Dari pintu masuk, tadinya sempat ragu apakah museumnya buka atau tidak, maklum waktu itu saya berkunjung sekitar 2 minggu setelah lebaran, jadi memang masih dalam suasana liburan. Ternyata gerbangnya terbuka dank arena sudah masuk, pantang untuk mundur kembali … akhirnya saya masuk juga setelah membayar karcis masuk. Dari koridor masuk museum, sudah terasa sepi dan sunyi serta ada nuansa seram. Sesuai dugaan saya, suasana museum ini benar-benar sepi dan hanya saya pengunjung museum ini. Ditambah dengan suasana Jakarta yang waktu itu mendung hitam dan ditingkahi kilatan petir menambah suasana seram dari museum ini.
Gedung Kebangkitan Nasional (Ex-Stovia) mulai dibangun sejak tahun 1899 dan baru selesai tahun 1901. Kemudian pada bulan Maret tahun 1902 diresmikan pemakaiannya untuk STOVIA (School tot Opleiding van Inlandsche Artsen), yakni Sekoleh Kedokteran untuk orang-orang bumiputera yang berasal dari berbagai daerah di seluruh Indonesia. Para pelajar STOVIA diharuskan tinggal di asrama di gedung itu juga, sampai selesai sekolahnya. Lama pendidikan untuk persiapan 2-3 tahun, kemudian belajar bagian kedokteran 5-6 tahun. Pelajar yang diterima masuk STOVIA adalah para siswa lulusan Europeesche Lagere School (ELS) atau sederajat.
Karena museum ini dahulu adalah bekas Sekolah kedokteran jaman Belanda, maka isinyapun berkisar tentang perkembangan ilmu kedokteran dari jaman dahulu sebelum ilmu kedokteran sampai ke Batavia.
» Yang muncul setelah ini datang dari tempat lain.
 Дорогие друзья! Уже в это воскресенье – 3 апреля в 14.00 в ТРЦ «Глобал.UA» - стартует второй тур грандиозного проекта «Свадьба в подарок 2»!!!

Ruangan-ruangan yang menyimpan peralatan-peralatan pengobatan dari jaman dahulu hingga peralatan yang dipakai oleh mahasiswa-mahasiswa STOVIA jaman dahulu.
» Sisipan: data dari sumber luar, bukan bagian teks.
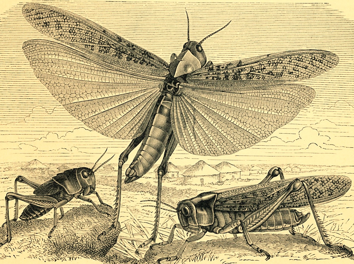 A 19th-Century illustration of locusts (public domain)Even so, this is still odd, because although I have read occasional accounts of veritable swarms of certain hawk moth species occurring in various localities down through the ages, I haven't read anything comparable relating specifically to the deathshead hawk moth. Having said that: in my ShukerNaturearticle on this species (click here ), I do refer to a singular incident in which approximately 300 specimens were attracted to a single beehive within a short period of time. The reason for this was that the deathshead has a great liking for honey, so much so in fact that some researchers have even suggested that its uncanny squeaking ability may actually be an attempt to impersonate the specific sound that a queen bee produces to keep her workers passive, and thence allow the moth to enter the hive and consume its honey without being attacked by the hive's worker bees. Consequently, in exceptional circumstances large numbers of deathsheads may indeed occur. So although I haven't been able as yet to trace any corroboration that is independent of the moth drawing, perhaps one such occurrence took place near Kalisz, Poland, during 1749.

Dari ruangan peralatan-peralatan jaman dahulu, ke ruangan di sebelahnya, saya dikagetkan dengan diorama ruang kelas dimana sedang diadakan praktek bedah mayat (anatomi) dimana di ruangan ini ditata seperti layaknya ruang kelas, ada mahasiswa STOVIA beserta dosen berkebangsaan Belanda sedang melakukan praktek bedah mayat
Bergeser dari ruangan kelas anatomi, saya terkaget lagi karena saya berada di ruang asrama yang digunakan oleh para mahasiswa STOVIA pada jaman dahulu. Ternyata mahasiswa-mahasiswa STOVIA jaman dahulu di asrama-kan oleh kampus dengan jadwal yang ketat, karena diharapkan dari pendidikan inilah akan dapat dibentuk dokter-dokter handal dari bangsa Indonesia sendiri .
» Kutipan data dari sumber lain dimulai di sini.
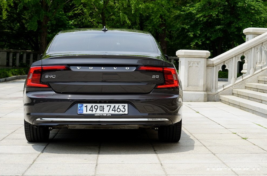 S90 B5에는 2.0리터 4기통 가솔린 터보엔진과 8단 자동변속기, 48V 마일드 하이브리드 조합으로 최고출력 250마력(5400~5700rpm), 최대토크 35.7kgm(1800~4800rpm)입니다. 공차중량 1850kg, 100km/h 정지가속 7.2초, 국내 복합연비 11.7km/ℓ(도심 10.1, 고속 14.6)입니다.
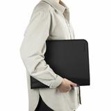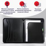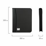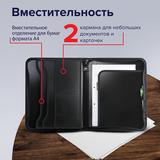 Изготовлена из прочного черного полипропилена толщиной 0,9 мм с фактурой t;бисерt;. Формат А4 (350х282 мм). Имеет два внутренних отделения и четыре кармана. Надежный замок-молния защищает документы от механических повреждений, а также пыли и влаги. Цвет молнии - черный.

Isi dari asrama ini adalah satu buah tempat tidur besi, dengan bantal dan guling, lemari besar berwarna coklat, jendela besar berwarna abu-abu di setiap samping lemari dan juga tempat untuk menggantung jas dokter untuk praktek para mahasiswa. Asrama ini sangat luas dan isinya beberapa tempat tidur dan (lagi-lagi) ada 3 wujud patung di ujung sana sedang berdiskusi yang semakin membuat saya terkaget –kaget setengah mati.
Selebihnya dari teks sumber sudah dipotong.